Clapp Benjamin, Farsi Soroush, Roberson Laura, Proksch Daisy, Lloyd S Julie-Ann, Billy Helmuth T
Department of Surgery, Bariatric and Minimally Invasive Surgery, Texas Tech HSC Paul Foster School of Medicine, El Paso, TX.
Department of Surgery, General Surgery Resident, Community Memorial Hospital, Ventura, CA.
Surg Laparosc Endosc Percutan Tech. 2025 Aug 25. doi: 10.1097/SLE.0000000000001402.
Marginal ulcer (MU) remains a serious complication after Roux-en-Y gastric bypass (RYGB). This can be a life-threatening problem, even years after RYGB. Patients can present with pain or even with hemorrhage or perforation. There is no agreed-upon standard in prevention or treatment, although most perforated ulcers are treated with an omental patch. We present our results of treatment of MU with truncal vagotomy (TV).
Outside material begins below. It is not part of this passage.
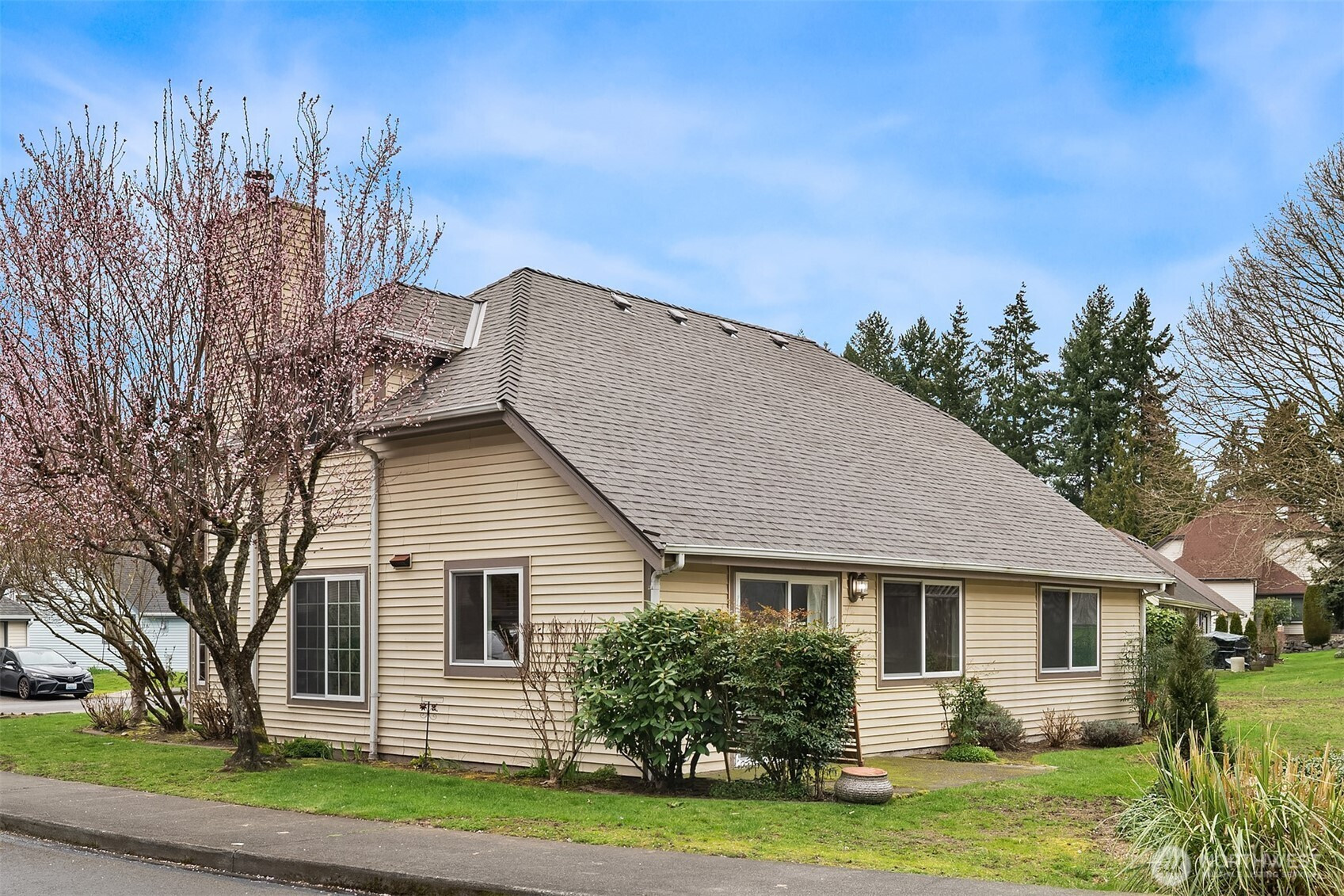 Experience effortless living in the desirable Heritage Court. Perfectly positioned on a sprawling corner lot with exceptional curb appeal, this home features an attached garage and a brand-new roof for added peace of mind. Inside, the inviting two-bedroom layout offers a generous primary suite complete with a private ensuite bath. The Main Floor second bedroom provides outstanding flexibility—ideal for guests or a spacious home office. Living room fireplace with large front-facing windows and vaulted ceilings bathe the home in natural light. Enjoy Mini-split heating and A/C systems on both levels to ensure comfortable A/C during warm summer days. Just minutes from shopping, dining, medical facilities, and scenic walking trails, this location offers both convenience and lifestyle. You’ll also appreciate abundant storage throughout, including ample closet space and a sizable upstairs storage area. The unique HOA maintains the lawns and trees, allowing you to enjoy as much—or as little—gardening as you like. Community amenities include a sport court and a reservable cabana, perfect for gatherings and special occasions.
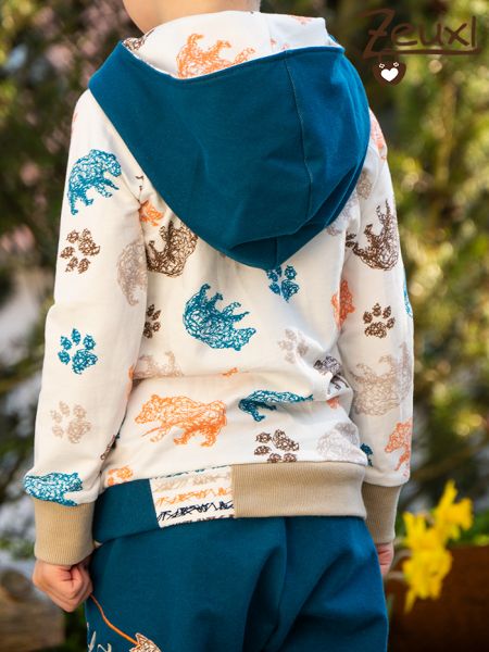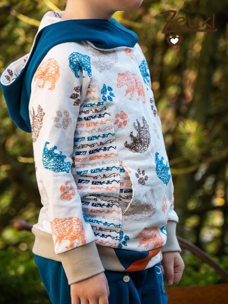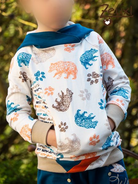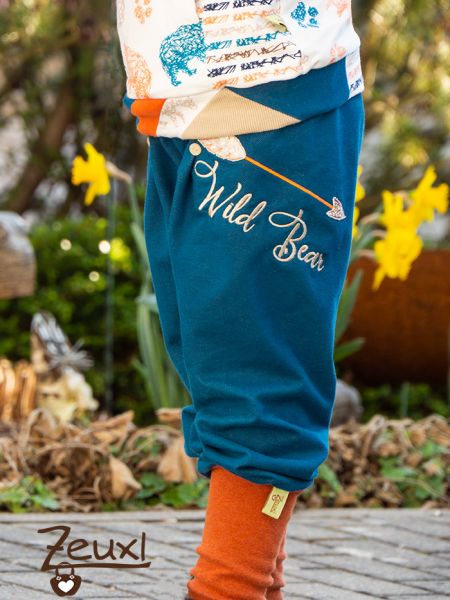 Bei der Hose entschied ich mich wieder mal für eine Karl Knopf. Da brauche ich wohl nicht mehr viel dazu schreiben, ich liebe diesen Schnitt einfach. Passend zum Bärenhoodie verwendete ich die Wild Bear Stickdatei von Fadenspiel – Stickdateien mit Herz.

A retrospective chart review identified patients who required surgical intervention for nonhealing MU or those presenting with perforated MU. Free perforation was treated with surgical intervention at the time of presentation. In patients with recalcitrant MU (without perforation), preoperative upper endoscopy confirmed the diagnosis. In all cases, the gastrojejunal anastomosis was revised or the marginal ulcer was resected, followed by laparoscopic TV. We reviewed operative time, ulcer recurrence, and complications in the cases identified.
Forty-two patients underwent revision/resection following presentation with a recalcitrant ulcer or free perforation of a MU. Concomitant TV was performed in all cases. Average time from the RYGB was 71.8 months. There were no 30-day mortalities and no leaks. Average follow-up was 21 months. Sixty-two percent of patients had a follow-up endoscopy by 1 year with no recurrences. There were no reoperations or major complications.
Marginal ulceration remains a common complication after Roux-en-Y gastric bypass. Medical therapy is the first-line therapy but some patients will go on to develop refractory disease. This can be chronic, or acute with perforation or hemorrhage. Laparoscopic truncal vagotomy with revision of the gastrojejunal anastomosis is safe and effective in the treatment of marginal ulcers with low recurrence rates.
边缘性溃疡(MU)仍是Roux-en-Y胃旁路术(RYGB)后一种严重的并发症。这可能是一个危及生命的问题,甚至在RYGB术后数年也是如此。患者可能出现疼痛,甚至出血或穿孔。尽管大多数穿孔性溃疡采用网膜补片治疗,但在预防或治疗方面尚无公认的标准。我们展示了采用迷走神经干切断术(TV)治疗MU的结果。
通过回顾性病历审查确定因MU不愈合或穿孔而需要手术干预的患者。游离穿孔在就诊时即进行手术干预。对于顽固性MU(无穿孔)患者,术前上消化道内镜检查确诊。在所有病例中,均对胃空肠吻合口进行修复或切除边缘性溃疡,随后行腹腔镜TV。我们回顾了所确定病例的手术时间、溃疡复发情况及并发症。
42例患者因顽固性溃疡或MU游离穿孔就诊后接受了修复/切除术。所有病例均同时进行了TV。距RYGB的平均时间为71.8个月。无30天内死亡病例,也无渗漏。平均随访时间为21个月。62%的患者在1年时接受了随访内镜检查,无复发。无再次手术或重大并发症。
边缘性溃疡仍是Roux-en-Y胃旁路术后常见的并发症。药物治疗是一线治疗方法,但一些患者会发展为难治性疾病。这可能是慢性的,也可能是急性的,伴有穿孔或出血。腹腔镜迷走神经干切断术联合胃空肠吻合口修复术治疗边缘性溃疡安全有效,复发率低。